Shrinkflation is held up as one example of how powerful companies gouge consumers and drive up unit prices. “Shrinkflation is late‐​stage ‘greedflation’—when you’ve maxed out on price hikes and consumers can’t handle more,” says Lindsay Owens, executive director of the Groundwork Collaborative, a progressive group. “It’s much more deceptive than simply raising prices.”

We’ve previously explained that any recent shrinkflation—where firms reduce product size or quantity while keeping package prices the same—is just one response to broader inflationary pressures. It’s a business decision to downsize products in a world where the growth of total spending in the economy is faster than the growth of total production, so increasing unit prices.
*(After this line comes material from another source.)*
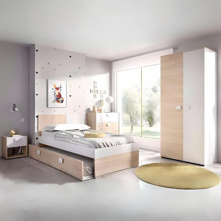 El conjunto modelo Dina Pack 6 es el conjunto perfecto para completar tu dormitorio, incluye una cama individual con un cajón inferior de arrastre, una mesita de noche con un cajón y un hueco inferior, una cómoda práctica con tres cajones y un armario de dos puertas con un interior completo. Diseñada pensando en el estilo y la funcionalidad, esta cama juvenil cuenta con un cabezal bicolor que combina natural y blanco, agregando un toque de frescura y elegancia al espacio. Además, su diseño armoniza perfectamente con el resto de los muebles de la colección Dina, permitiendo una decoración cohesiva en la habitación.
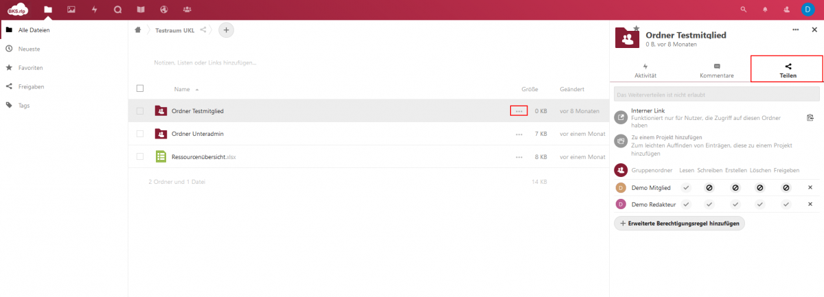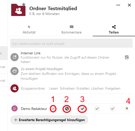 Ist die Funktion für den Gruppenordner aktiviert, kann das Kontextmenü ("...") geöffnet werden und im Reiter "Teilen" können für jeden Nutzer separate Berechtigungen verwaltet werden. Dabei muss nicht gleich für jeden Nutzer eine solche Regel angelegt werden, sondern nur für diese, die eben spezielle Berechtigungen (bspw. nur Leseberechtigungen) bekommen sollen. Die Regeln bilden daher sozusagen Ausnahmen ab.

More recently, however, the Bureau of Labor Statistics has released data that lets us examine how widespread shrinkflation really is and which products it affects within the Consumer Price Index. This data shows that shrinkflation hasn’t significantly contributed to recent inflation, let alone driven it, and that it was a normal business practice used even prior to the pandemic.

Downsizing Is No More Prevalent Today Than Pre‐​Pandemic

Figure 1 shows the frequency of product items within the Consumer Price Index being resized each month. It reveals that the number of product items shrinking hasn’t increased recently compared to the past. In fact, the frequency of downsizing in 2022 and 2023 is similar to 2018 and 2019 levels, and much lower than in 2015 and 2016. What’s actually declined since 2020 is the number of products being upsized—where the quantity or weight increases for the same price of a package.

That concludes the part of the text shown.